**Description of the task:**
Taking only the lines of the data below from the line with "Our unexpected detour" to the line with "- Materials &", ends included, write them out exactly and without pictures.

(Stored dataset items)
○ ○ ○ ○

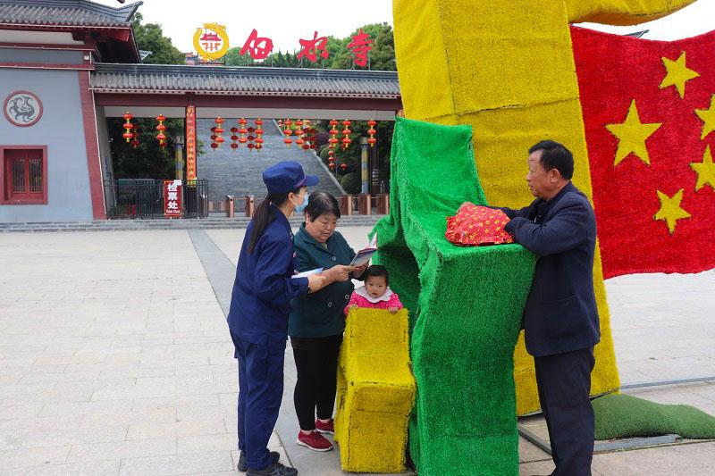 活动中,消防宣传员针对景区人流量大、人员复杂、植物繁茂等特点向景区工作人员、及游客发放了《灭火逃生手册》等宣传资料,讲解了灭火器的使用方法、火灾的预防以及应急逃生技能等消防安全知识,使游客们在尽心游览的同时紧绷防火安全弦,不违规用火、乱扔烟头,确保景区消防安全。同时叮嘱游客遇到火灾时要沉着、冷静,对发现的火灾隐患和消防安全违法行为及时拨打"96119"进行举报。。
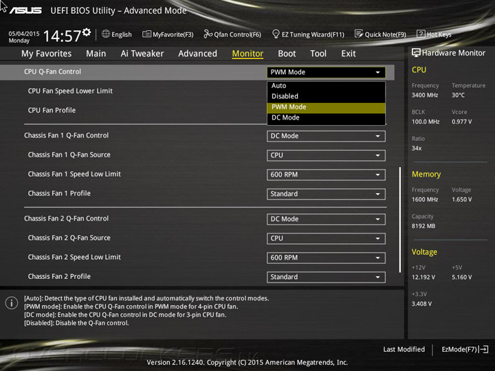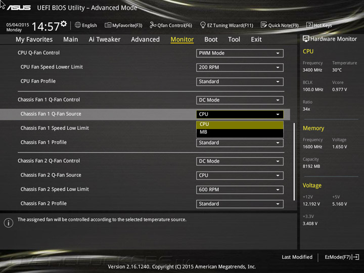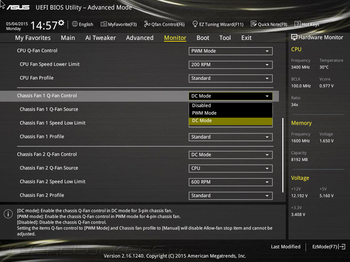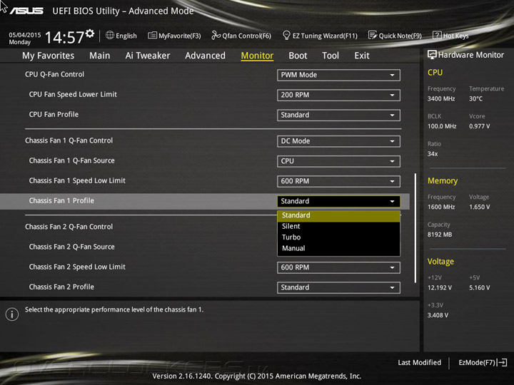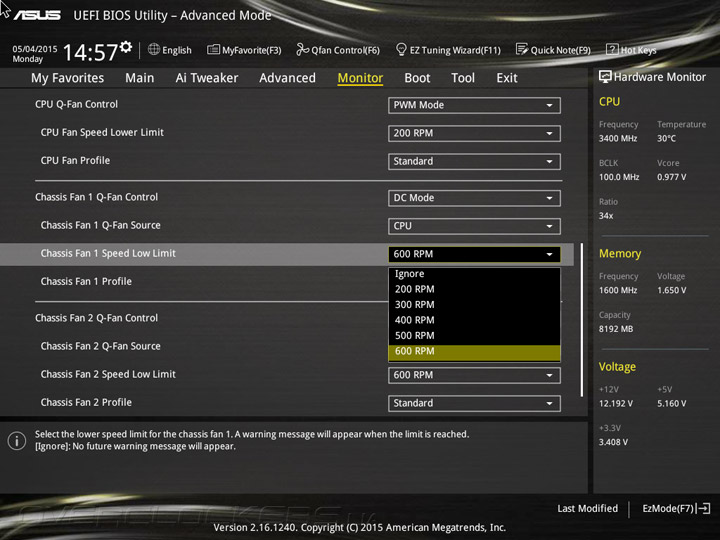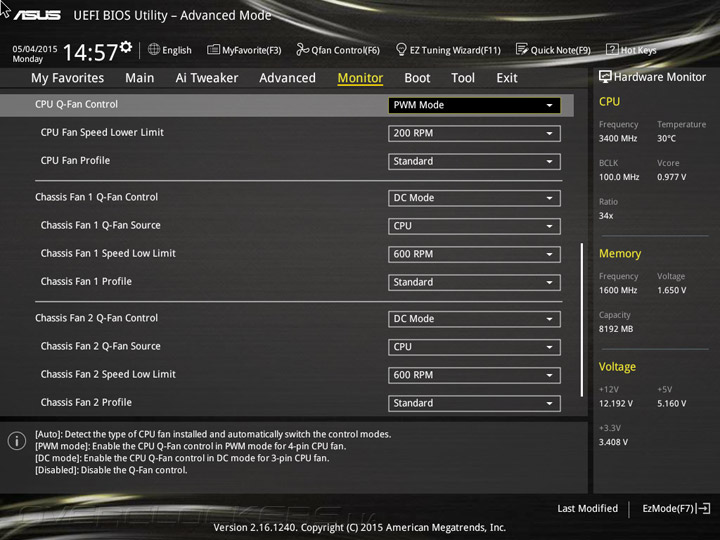 Раздел Monitor не такой насыщенный, как на иных устройствах. Группа основных отображаемых параметров неизменна, а вот число контролируемых вентиляторов мала — их всего три. Каждый из них может быть любого типа исполнения — трёх- или четырёхконтактный. Схем работы четыре, одна из них — настраиваемая. Но для этих целей лучше воспользоваться фирменным ПО.
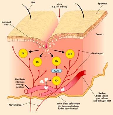 I. Transmiterea mesajului nociceptor si aparitia de reactii locale (vasodilatatie, edem, sensibilizarea terminatiilor nervoase) si generale (transport axonal de substante algogene).
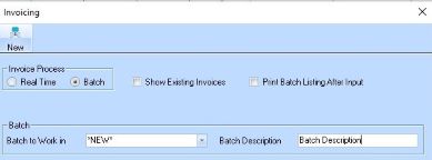 2. Select the Invoice Process Batch radio button. The following dialogue box will be displayed:
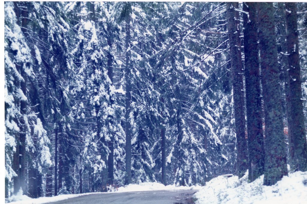 Our unexpected detour led us through a beautiful section of the forest, with snow drifting down from the tree branches. (The faded photo scanned from my photo album doesn’t even begin to capture the loveliness of the scene.) When we eventually arrived safely at our destination, the unexpected excursion became one of the highlights of the trip. We still talk about it, even 30 years later.
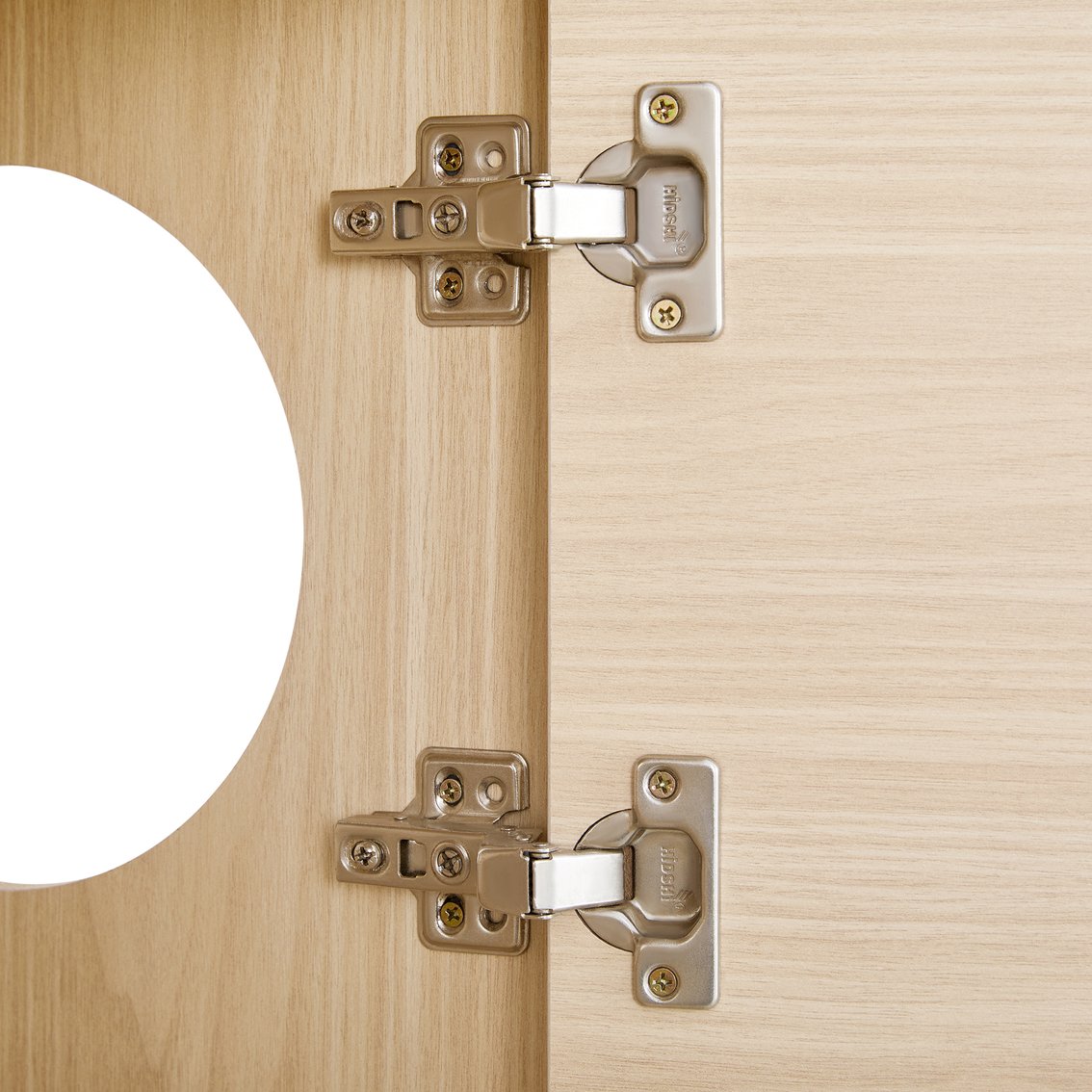 - Materials & Finish: Constructed from particle board and MDF with a natural + grey finish; wipe spills immediately with a damp cloth and avoid harsh surface cleaners to preserve the finish.
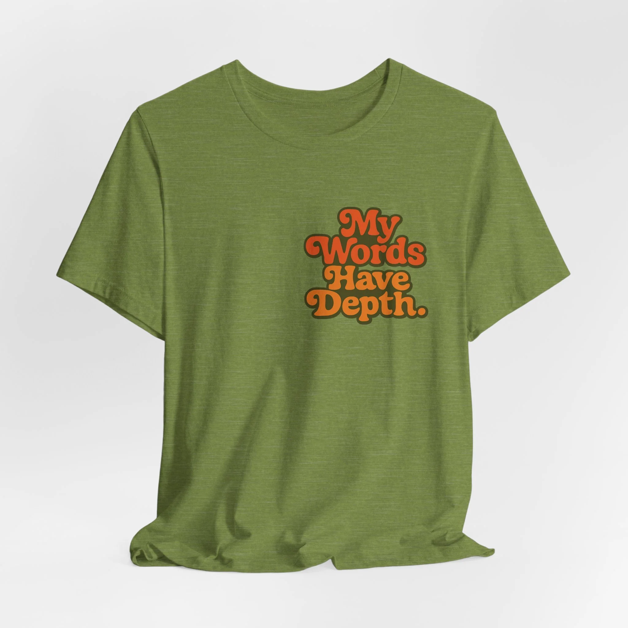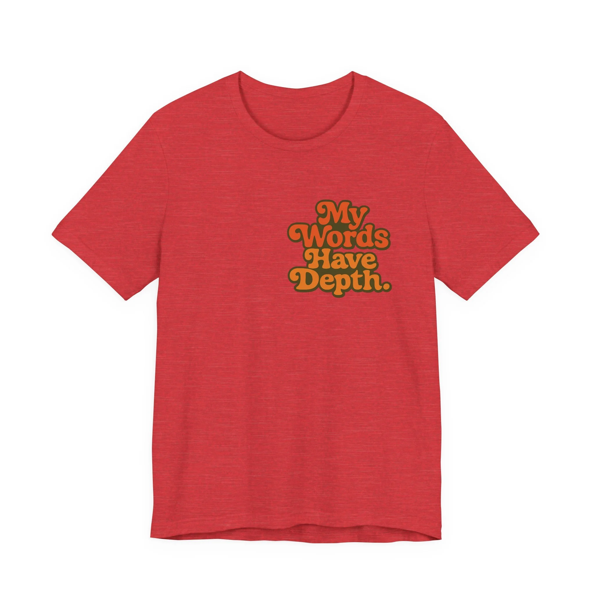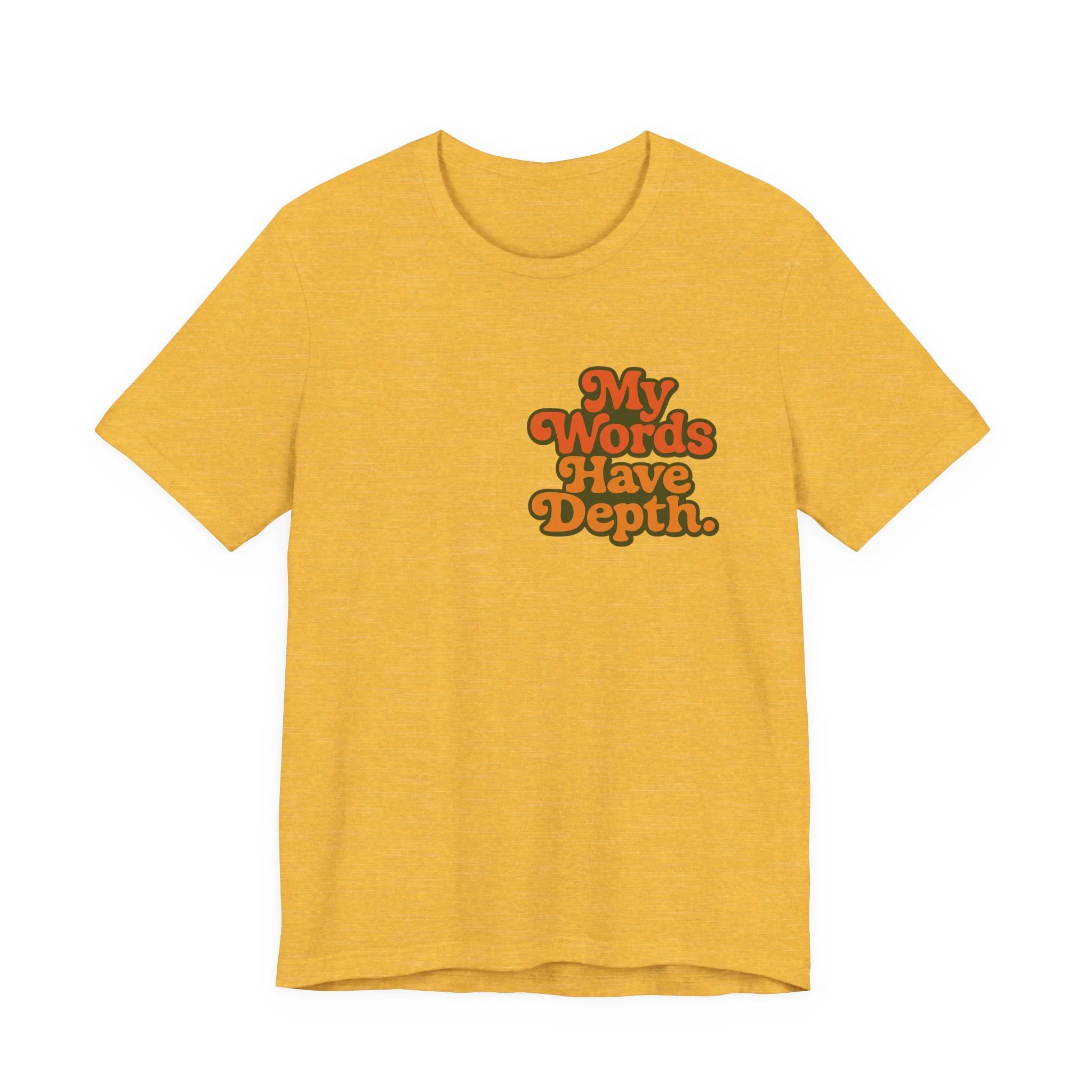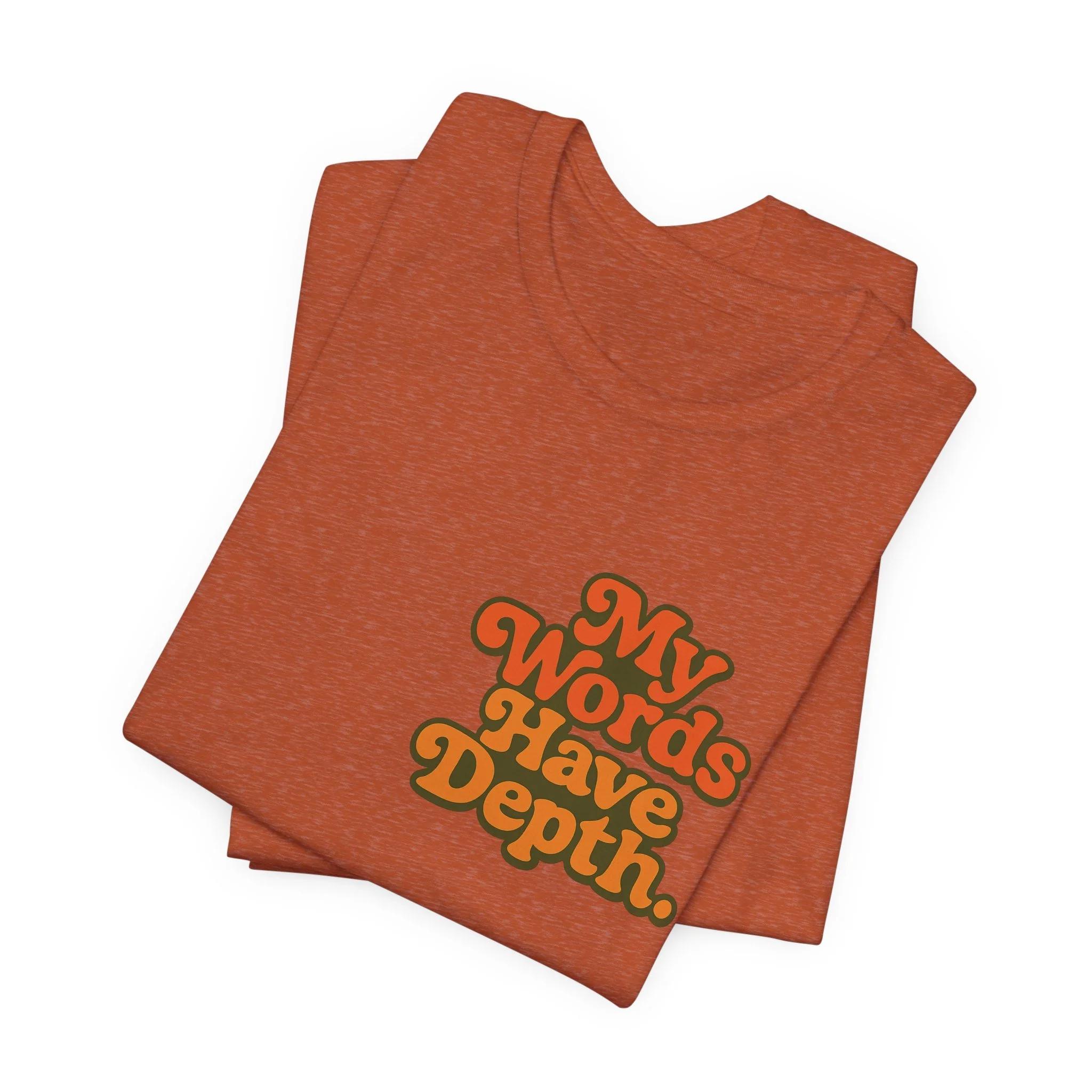 This lightweight jersey tee carries a vintage-minded message — warm, rounded lettering in sunset tones reads “My Words Have Depth.” It sits on a soft, breathable 100% Airlume combed and ring-spun cotton body (with blended options for heathers) and a classic crew neckline. Subtle construction details — side seams, ribbed knit collar with seam, shoulder tape and a tear-away label — keep the shirt comfortable, stable and easy to wear every day. Responsibly made by Bella+Canvas with REACH compliance and fair-labor manufacturing, it’s a casual statement piece that slides into relaxed wardrobes and layered looks alike.

○ ○ ○ ○

**Result of this task:**
 Our unexpected detour led us through a beautiful section of the forest, with snow drifting down from the tree branches. (The faded photo scanned from my photo album doesn’t even begin to capture the loveliness of the scene.) When we eventually arrived safely at our destination, the unexpected excursion became one of the highlights of the trip. We still talk about it, even 30 years later.
 - Materials & Finish: Constructed from particle board and MDF with a natural + grey finish; wipe spills immediately with a damp cloth and avoid harsh surface cleaners to preserve the finish.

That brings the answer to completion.